You want to speed up your testing efforts, and run more tests. So now the question is – can you run more than one A/B test at the same time on your site?
Will this increase the velocity of your testing program (and thus help you grow faster), or will it pollute the data since multiple separate tests could potentially affect each other’s outcomes? The answer is ‘yes’ to both, but what you should do about it depends.
Let’s look into the “why you shouldn’t” and “why you should” run multiple tests at once.
What you should consider when running multiple simultaneous tests
User comes to your home page, gets to be part of test A. Moves on to the category page, gets to be part of test B. Goes to product page – test C. Adds product to cart – is entered into test D. Completing checkout – test E in effect.
User ends up buying something, and “conversion” is registered.
- Did any of the variations in those tests influence each other, and thus skew the data? (Interactions)
- Which variation of which test gets the credit? Which of the tests *really* nudged the user into buying something? (Attribution)
Andrew explains why running multiple separate tests at the same time might be a bad idea:
A testing tool vendor – Maximyser – advocates that running multiple tests at the same time results in low accuracy:
It’s possible that the “interactions” between variants in the two tests are not equal to each other and uniformly spread out.
The argument is that there are cases where interaction effects between tests matter (often unnoticed), but it can have a major impact on your test conclusions. According to them, instead of simultaneous tests it’d be better to combine the tests, and run them as MVT.

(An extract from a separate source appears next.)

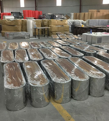 欣方圳不銹鋼長條橢圓休閑椅凳面防腐木材質制作流程示意圖,工藝領先,品質卓越,真正經久耐用。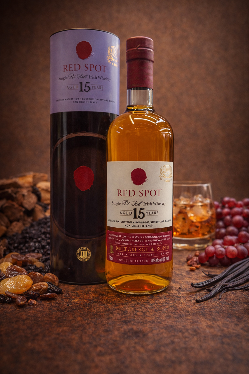 Red Spot 15 Year is a premium Irish whiskey crafted in Ireland, triple distilled for exceptional smoothness and character. Enjoy neat, on the rocks, or in classic whiskey cocktails.

Not everyone fully agrees:
Matt Gershoff recommends you figure two things out before determining whether to run multiple separate tests at once:
If the split between variations is always equal, doesn’t it balance itself out?
This is the standard answer Optimizely provides:
Even if one test’s variation is having an impact on another test’s variations, the effect is proportional on all the variations in the latter test and therefore, the results should not be materially affected.

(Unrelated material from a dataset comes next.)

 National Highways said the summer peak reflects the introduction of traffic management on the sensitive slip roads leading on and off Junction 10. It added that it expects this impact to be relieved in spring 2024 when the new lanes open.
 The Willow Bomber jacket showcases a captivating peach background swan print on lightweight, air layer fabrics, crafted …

Some think this model is oversimplified, and the argument also implies that attribution is not important.
Indeed, we should ask the question – do we really care about attribution? We might. Or not. If we want to know what really impacted user behavior, and which of the tests (or a combination of tests – something you can explore with a testing tool like Conductrics) was responsible, then attribution does matter. This why you have hypotheses and stuff, right?
Are you in the business of science, or in the business of making money?
The success of your testing program comprises of the number of tests run (e.g. per year), percentage of winning tests and average impact per successful experiment. Now if you severely limit the number of tests you run for the sake of avoiding data pollution, you are also significantly reducing the velocity of your testing.
If your primary goal is to figure out the validity of a single test, to be confident in the attribution and the impact of the test, then you might want to avoid tests with overlapping traffic. But while you do that, you are not running all those tests that might give you a lift – and thus you’re potentially losing money.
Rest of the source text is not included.